To create a cluster with the desired configuration with terraform, follow the steps below:
Define the terraform providers to use
Create a providers.tf file with the following contents:
terraform {
required_version = "> 0.12"
required_providers {
azurerm = {
source = "azurerm"
version = "~> 2.26"
}
}
}
provider "azurerm" {
features {}
}
Define the variables
Create a variables.tf file with the following contents:
variable "resource_group_name" {
default = "aks-win"
}
variable "location" {
default = "West Europe"
}
variable "cluster_name" {
default = "aks-win"
}
variable "dns_prefix" {
default = "aks-win"
}
Define the resource group
Create a main.tf file with the following contents:
# Create Resource Group
resource "azurerm_resource_group" "rg" {
name = var.resource_group_name
location = var.location
}
Define the VNET for the cluster
Create a vnet-server.tf file with the following contents:
resource "azurerm_virtual_network" "vnet" {
name = "aks-vnet"
location = azurerm_resource_group.rg.location
resource_group_name = azurerm_resource_group.rg.name
address_space = ["10.0.0.0/16"]
}
resource "azurerm_subnet" "aks-subnet" {
name = "aks-subnet"
resource_group_name = azurerm_resource_group.rg.name
virtual_network_name = azurerm_virtual_network.vnet.name
address_prefixes = ["10.0.1.0/24"]
}
Define the AKS cluster
Create a aks-server.tf file with the following contents:
# Deploy Kubernetes
resource "azurerm_kubernetes_cluster" "k8s" {
name = var.cluster_name
location = azurerm_resource_group.rg.location
resource_group_name = azurerm_resource_group.rg.name
dns_prefix = var.dns_prefix
default_node_pool {
name = "default"
node_count = 2
vm_size = "Standard_D2s_v3"
os_disk_size_gb = 30
os_disk_type = "Ephemeral"
vnet_subnet_id = azurerm_subnet.aks-subnet.id
max_pods = 15
enable_auto_scaling = false
}
# Using Managed Identity
identity {
type = "SystemAssigned"
}
network_profile {
# The --service-cidr is used to assign internal services in the AKS cluster an IP address. This IP address range should be an address space that isn't in use elsewhere in your network environment, including any on-premises network ranges if you connect, or plan to connect, your Azure virtual networks using Express Route or a Site-to-Site VPN connection.

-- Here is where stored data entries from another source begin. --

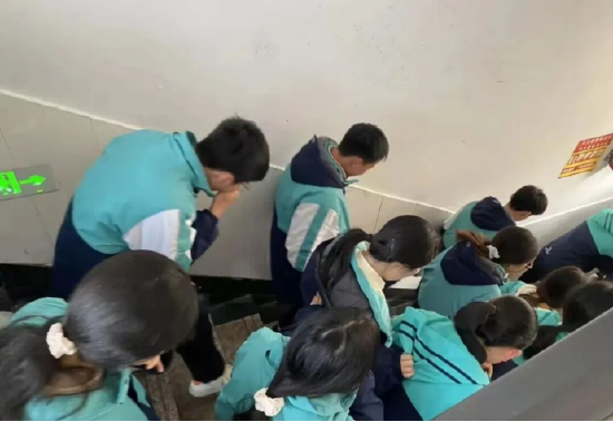 宣讲结束后,还组织进行了消防应急疏散演练。随着警报声响起,各班级按照预设方案,组织学生弯腰低姿、捂住口鼻,沿安全通道快速有序撤离至大操场指定区域,整个过程紧张有序、规范高效。消防救援大队指战员对演练情况进行专业点评,为后续优化应急处置流程提供了宝贵指导。
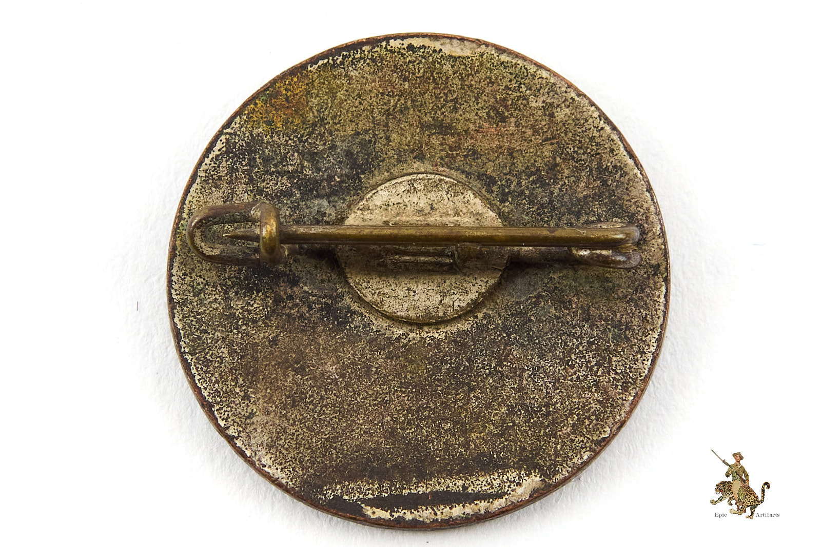 The reverse retains a substantial portion of its original silver finish and is fitted with its original pin and catch, both in sound working order. Unmarked, as is consistent with certain period examples, this NSDAP DSB Membership Badge remains a well-preserved and compelling artifact, notable for its craftsmanship and historical significance.
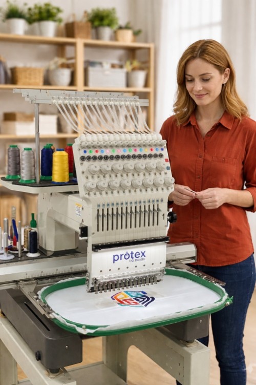 Mas a grande virada acontece quando o negócio sai do artesanal e entra na escala. E é exatamente aí que entra a máquina de bordado industrial.

service_cidr = "172.0.0.0/16"
# The --dns-service-ip address should be the .10 address of your service IP address range.
dns_service_ip = "172.0.0.10"
# The --docker-bridge-address lets the AKS nodes communicate with the underlying management platform. This IP address must not be within the virtual network IP address range of your cluster, and shouldn't overlap with other address ranges in use on your network.
docker_bridge_cidr = "172.17.0.1/16"
network_plugin = "azure"
network_policy = "calico"
}
role_based_access_control {
enabled = true
}
addon_profile {
kube_dashboard {
enabled = false
}
}
}
resource "azurerm_kubernetes_cluster_node_pool" "windows" {
kubernetes_cluster_id = azurerm_kubernetes_cluster.k8s.id
name = "win"
priority = "Spot"
eviction_policy = "Delete"
spot_max_price = -1 # The VMs will not be evicted for pricing reasons.
os_type = "Windows"
# "The virtual machine size Standard_D2s_v3 has a cache size of 53687091200 bytes, but the OS disk requires 137438953472 bytes. Use a VM size with larger cache or disable ephemeral OS."
# https://docs.microsoft.com/en-us/azure/virtual-machines/ephemeral-os-disks#size-requirements
vm_size = "Standard_DS3_v2"
os_disk_type = "Ephemeral"
node_count = 0
enable_auto_scaling = true
max_count = 3
min_count = 0
}
data "azurerm_resource_group" "node_resource_group" {
name = azurerm_kubernetes_cluster.k8s.node_resource_group
}
# Assign the Contributor role to the AKS kubelet identity
resource "azurerm_role_assignment" "kubelet_contributor" {
scope = data.azurerm_resource_group.node_resource_group.id
role_definition_name = "Contributor" #"Virtual Machine Contributor"?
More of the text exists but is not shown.